Partiamo intanto dal dire che portare 4611
persone, in un giorno solo, a votare per le primarie, è tutt’ora,
nonostante il calo netto rispetto alle edizioni precedenti, una notevole prova di
mobilitazione.
Che lo sia di democrazia è un’altra storia (per
quanto mi riguarda alle primarie del partitone mancano due requisiti per dirsi “democratiche”.
Il primo è che manca la certezza della base
elettorale.
Un’elezione è democratica se si sa chi ha diritto di voto. Per le
primarie che scelgono il segretario di un partito (sorta di associazione
privata, di vaga forma giuridica, per quanto nominata nella Costituzione), logica vorrebbe che venisse scelto dagli
iscritti di quell’organizzazione.
Si può anche pensare di allargarle agli
elettori che si registrano come elettori “democratici”, ma in teoria la cosa
dovrebbe essere fatta PRIMA delle elezioni, non durante (e non solo per
garantirsi dagli scandali delle truppe cammellate in qualche seggio, malcostume
che esiste ma che ritengo non incida statisticamente).
Il secondo motivo è che la parità fra concorrenti
è un puro miraggio, in questo caso che vedeva correre l’ex presidente del
consiglio, come in altri (clamoroso quelle per le regionali, dove il faccionedi Bonaccini era appiccicato davanti ad ogni sezione, mentre del suo avversario non ci si ricorda neanche il nome).
Detto questo, visto che sono ottima materia per
monopolizzare i media per mesi e visto che creano “appartenenza”, chi può farle
fa benissimo a farle.
A Carpi il risultato non si discosta da quello
nazionale se non per frazioni di punto, prova (per altro già anticipata dai
voti degli iscritti nelle sezioni), che anche il PD carpigiano è
definitivamente “renzizzato”.
Poche , anche se pesanti le figure istituzionali
che si erano spese per Orlando (la cui distinzione da Renzi, potrà forse essere
nei toni e nei modi, ma sicuramente non nei contenuti), nessuna per “l’estremista”
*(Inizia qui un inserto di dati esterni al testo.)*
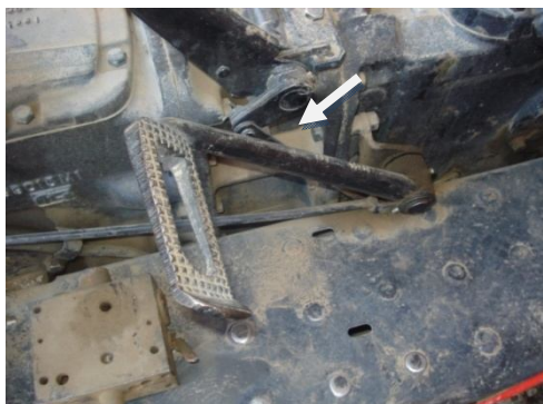
شکل ۳- مفصل انتقال نیرو بین پدال و دیسک در مکانیزم کلاچ‌گیری تراکتور MF285

راستای نیروی اعمال شده با اصطکاک بیشتری در مفصل خود چرخش کند. بر این اساس به شرکت سازنده این تراکتور پیشنهاد می‌شود برای کاهش نیروی ورودی برای کلاچ‌گیری تراکتور MF285 و رفاه حال بیشتر رانندگان تمهیدات لازم صورت گیرد. با توجه به این که این تراکتور جزو تراکتورهای سبک محسوب می‌شود و میزان تولید و استفاده از آن در بخش کشاورزی ایران به مراتب بیشتر از تراکتور MF399 است (AJMDC, 2012). توجه به بهینه‌سازی آن نقش بیشتری در بهداشت حرفه‌ای بخش کشاورزی خواهد داشت. به‌عنوان یک پیشنهاد مقدماتی توصیه می‌شود، مفصل انتقال نیرو بین پدال و دیسک در مکانیزم کلاچ‌گیری که در شکل ۳ نشان داده شده است، از چدن ریخته‌گری ساخته شود. زیرا اگر این قطعه از این جنس ساخته شود، هنگام اعمال نیرو به پدال، تغییر شکل قابل توجهی نداد و از صرف نیروی بیشتر جلوگیری می‌شود. آزمایش‌های مقدماتی نشان دادند که با انجام این کار بر روی مکانیزم کلاچ‌گیری تراکتور MF285 میزان نیروی مورد نیاز کلاچ‌گیری می‌تواند تا ۷۰ نیوتن کاهش یابد.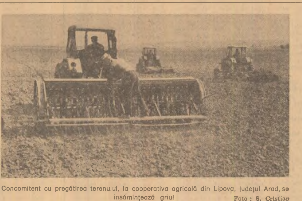
Concomitent cu pregătirea terenului, la cooperativa agricolă din Lipova, județul Arad, se însămintează griul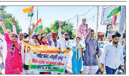
मंडी अटेली। वोट चोर गद्दी छोड़ का नारा लगाकर पैदल मार्च निकालते हुए।

ले जाएगी। भाजपा जनता का वोट देने का अधिकार छीनना चाहती है, लेकिन कांग्रेस संविधान की रक्षा के लिए संघर्ष करेगी। अभियान के दौरान बड़ी संख्या में कार्यकर्ताओं और आम लोगों ने हस्ताक्षर कर भाजपा सरकार का विरोध जताया। राहुल गांधी जब चुनाव वोट चोरी की बात करते हैं तो चुनाव आयुक्त कुछ नहीं बोलते हैं। केंद्र सरकार पर चुनावी धांधली, जीएसटी के नाम पर जनता की लूट व किसानों की अनदेखी जैसे गंभीर आरोप लगाए। जीएसटी के नाम पर लोगों को गुमराह किया जा रहा है। अगर असल में जीएसटी कम हुई है तो ना तो पेट्रोल के दाम कम हुए ना ही डीजल के तो फिर केंद्र सरकार लोगों को क्यों गुमराह कर रही है। यह अभियान कांग्रेस के वरिष्ठ नेता राहुल गांधी द्वारा शुरू की गई मुहिम का हिस्सा है। जिला प्रधान सतवीर झुनिया ने बताया कि यह जन आंदोलन आने वाले समय में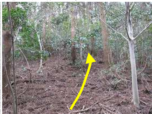
斜面を緩やかに上って行く。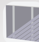
Pose diagonale simple lambourrage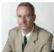
Llätzer Moix (Sabadell, 1955)

Idazlea eta kazetaria. 'Arquitectura milagrosa' (2010) lanaren egilea. Escritor y periodista. Autor de 'Arquitectura milagrosa' (2010).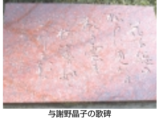
与謝野晶子の歌碑

次いで「戸定歴史館」の方へ曲がると、ふたつ目の歌碑と「ひなげしの小路」のプレートが現れます。道なりに公園奥へと進みましょう。松戸で詠まれたこれらの歌には「松戸」「梨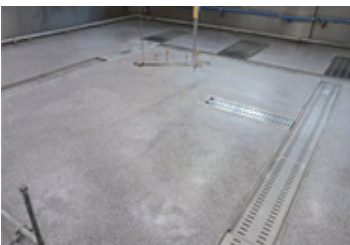
매향중 급식실 바닥교체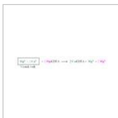
Ca-EDTA.jpg 1,016 × 144; 20 KB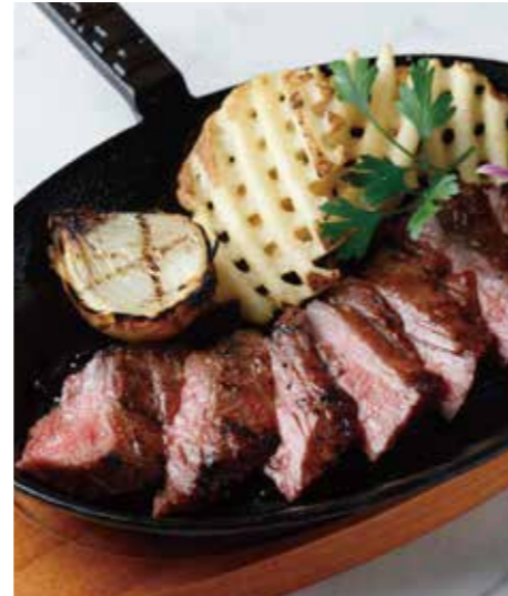
BEEF OUTSIDE SKIRT STEAK ハラミステーキ (180g) 税別 ¥1,710 (税込み ¥1,880)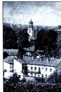
Вільня, касцёл св.Барталамея.

Касцёл будзе мець статус рэктаральнага, ён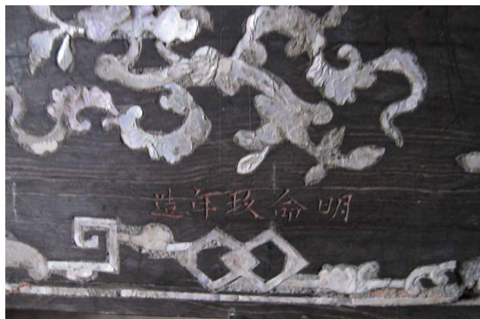
<그림 2> 베트남 민망(明命) 9년(1837) 나전칠기 탁자

이러한 베트남 나전칠기는 19세기 후반 만국박람회(萬國博覽會)등에 소개되는 등 오랫동안 유럽에서 높은 평가를 받았고 일부는 프랑스 학자들에 의해 책으로 소개되었다.(그림 2) 최근 베트남의 칠은 칠기나 나전칠기를 제작하는데 사용하는 데 그치지 않고 칠이나 나전을 이용한 칠회화 및 나전회화 등 새로운 영역에 사용되기도 한다.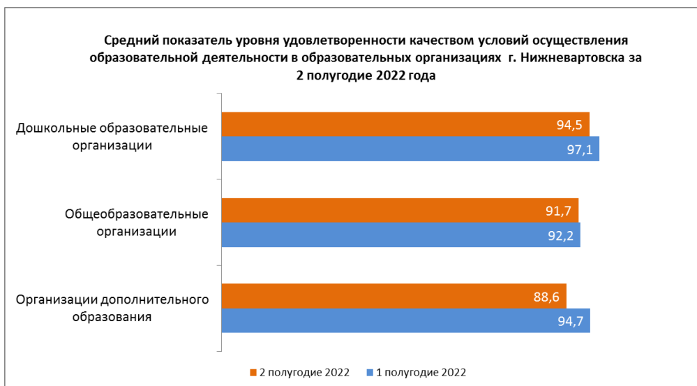
Рисунок 6. Динамика изменения показателей удовлетворенности качеством условий осуществления образовательной деятельности в образовательных организациях г. Нижневартовска

На рисунке 7 представлена динамика изменения показателя уровня удовлетворенности качеством условий осуществления образовательной деятельности в г. Нижневартовске за 2 полугодие 2022 года.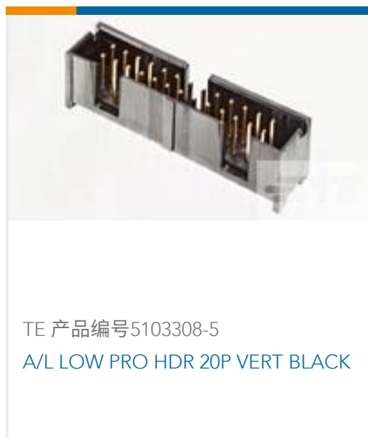
TE 产品编号5103308-5 A/L LOW PRO HDR 20P VERT BLACK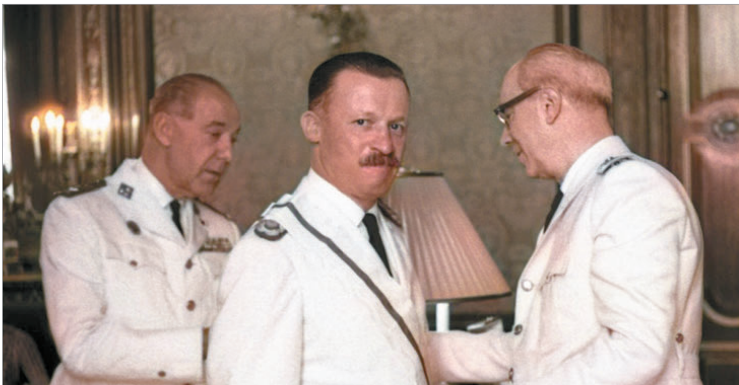
Juan Carlos Onganía murió casi olvidado en junio de 1995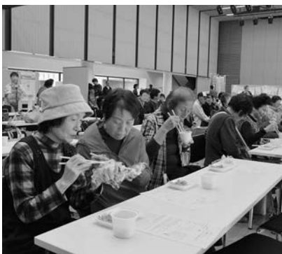
レシピを確認しながら Ca 噛むメニューを試食

10月10日、甌葉プラザで健康まつりを開催しました。今年のテーマは「お口の健康」。骨密度や血管年齢などの測定に加え、北村山地区歯科医師会の協力を得て、歯科相談や歯科衛生士による「美顔お口体操」も行いました。また、市食生活改善推進員連絡協議会は、カルシウムが多く、噛む食材を使った「Ca噛むメニュー」の試食会を実施。ちりめんじゃこのおにぎりや切干大根が入ったスープを提供し、試食したみなさんは「レシピを見ながら家でも作ってみたい」と話していました。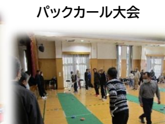
パックカール大会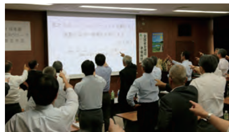
安全衛生大会時の安全唱和(昨年度開催時)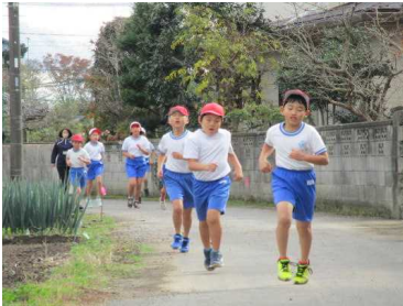
持久走記録会(中学年男子)の様子

天気にも恵まれた、持久走記録会を行いました。つらくても最後まで頑張る姿勢や走っていないときは走っている学年を応援するなど児童の良い点が多く見られました。

Emiliano, che comunque si porta a casa il suo 6%.
Sul conformismo del partito carpigiano si sono
versati nei decenni litri di inchiostro (o milioni di bites), quel che è certo
è che la transizione da Bersani a Renzi anche qua si è compiuta e il partito è
tornato uno e compatto.
Un po’ più piccolo, ma per dimensioni organizzative ancora unico nella capacità di mobilitazione.
Forse.
È il popolo dell’acqua pubblica, impegnato nella
raccolta firme per il referendum per impedire la vendita di AIMAG a HERA.
Nonostante i gli arroganti, patetici, meschinitentativi del PD carpigiano e del Sindaco Bellelli di ostacolare la raccolta
firme, il raggiungimento della cifra prevista dal regolamento comunale è di
fatto già assodato, ma i militanti del Comitato per l’acqua pubblica,
continuano pervicacemente nel loro lavoro di militanza e informazione, per
garantirsi un ragionevole cuscinetto di firme eccedenti il minimo, con ancora
quasi un mese di tempo per completare la raccolta.
Supportati solo da sporadici articoli su i
giornali locali e da militanti in rete sui social, quelli del Comitato, su un
tema ostico, hanno “mobilitato”, uno
per uno, convincendoli dai loro banchetti di strada, un paio di migliaia
abbondanti di cittadini.
È un popolo che per dimensioni, dovrebbe cominciare a
preoccupare i dirigenti del partitone, perché dimostra che non sono “monopolisti”
né della capacità di mobilitazione, né tantomeno di sventolare in modo esclusivo
la bandiera della “democraticità”, tanto decantata per scegliere i loro leader
(9 volte su 10 comunque già predestinati), quanto ostacolata quando si tratta
di usare gli strumenti, regolati da norme istituzionali e non da regole di
partito, per dar voce veramente ai cittadini.
In realtà, i due popoli, in passato erano largamente
sovrapponibili (come nel caso del 2010), ora credo invece che un solco di
incomunicabilità , salvo che per ristrette frange dall'una e dall'altra parte,
si vada allargando e chi cerca di tenere insieme disperatamente ciò che non può starci (la Sinistra Italiana che governa con il PD e intanto invita più o meno apertamente a sostenere il referendum), prima o poi dovrà decidere con chi stare in modo definitivo e non a correnti alterne, perchè il tema è tutt'altro che di poco conto, per quanto riguarda l'idea che un'amministrazione dovrebbe avere del governo locale e quali valori rappresentare.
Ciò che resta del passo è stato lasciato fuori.